Pero la lista que enumeró en Denver no lo transforma en un administrador. Algo sabe Obama, y es que su misión no es la de encajar en el corset de “momento histórico” que medios y analistas le imponen antes de tiempo, sino la de construir ese momento con el peso de sus palabras. Su lugar es la acción (todo lo épica que la misma es) y no la lectura apresurada de la misma: si la opinión pública machaca con lo de “momento histórico”, el candidato habla como en plena campaña; si los medios proclaman que debe producir más certezas técnicas que entusiasmo, el candidato acepta su proclamación en un acto masivo a cielo abierto. Que el líder que más progresos pueda provocar contra la segregación desde Martin Luther King haya pasado toda la semana sin hacer referencia a la cuestión racial no es casual, y que haya impuesto esa política a toda la convención fue una muestra de verticalidad partidaria extrema: desde el contenido hasta la cantidad exacta de palabras, todos los discursos que se pronunciaron en el Pepsi Center fueron previamente revisados y autorizados por la conducción partidaria y el comité de campaña de Obama. Y a diferencia de casi todas las campañas, ninguno de los candidatos y líderes que subieron al escenario habló de la cuestión racial.
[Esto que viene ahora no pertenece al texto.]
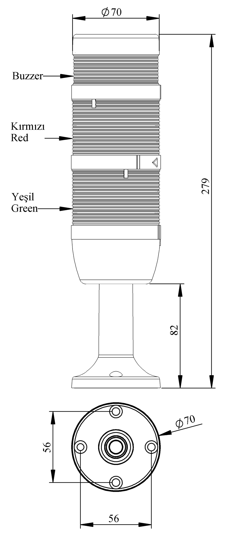 IK Serisi Üç Katlı 24V AC/DC Buzzerlı 110mm Plastik Boru ve Ayaklı LED Kolon 70mm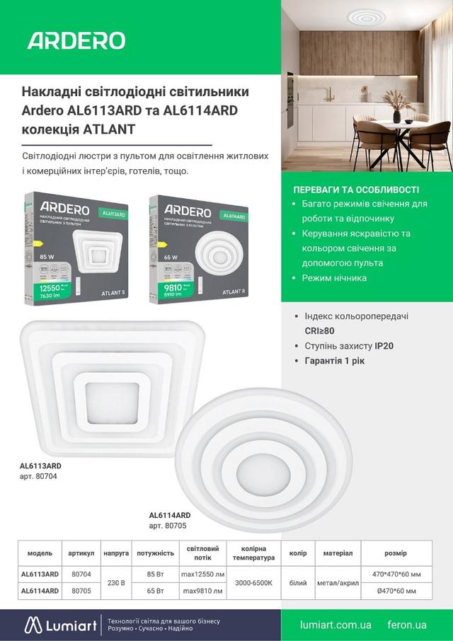 Переваги Ardero AL6114ARD ATLANT R 65Вт: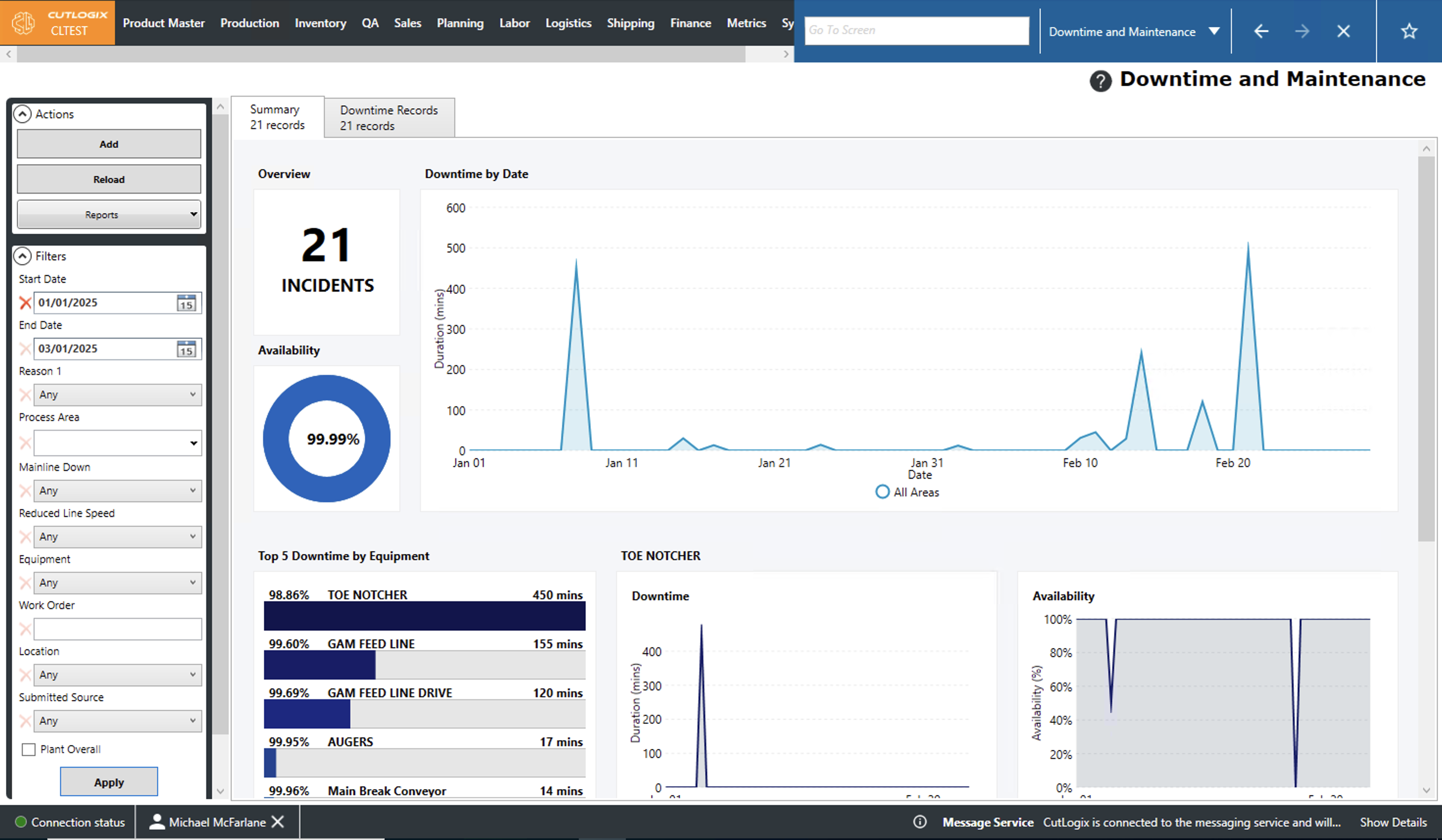Step 1: Navigate to the "Production" tab → "Downtime and Maintenance." All existing downtime records are factored into the summary page that you are taken to by default. On this page you can see data such as how many incidents took place within the selected date range (set in filters on the left side), the availability % (minutes of downtime vs how many minutes the plant was running in total), top downtime by equipment, and other metrics.

En parte por esto último, el jueves se podía ver a una figura pública de la “black politics” tradicional como el reverendo Al Sharpton caminando por los pasillos del estadio en búsqueda de su asiento sin pompa ni más compañía que dos familiares. Obama aspira a construir una alianza social numéricamente más amplia que trasciende el discurso racial, y cuyos efectos emancipadores deberían filtrarse desde la erosión de la segregación hacia una democratización más general.

La clave de esa transformación está en que el Partido Demócrata pueda ganar las elecciones del 4 de noviembre. Que la molestia por la situación económica es generalizada, masiva y consistente en el tiempo es tan cierto como la contundencia con la que una gran mayoría de los norteamericanos rechaza la actual presencia militar en Irak. Encima, esa coyuntura, en la que Obama se concentró el jueves, se monta sobre tensiones más permanentes del país, alrededor de la exclusión racial y social, y la tensión entre la evidencia de una clase media exprimida y un sueño americano que aún así sigue estando en la base de la paz social.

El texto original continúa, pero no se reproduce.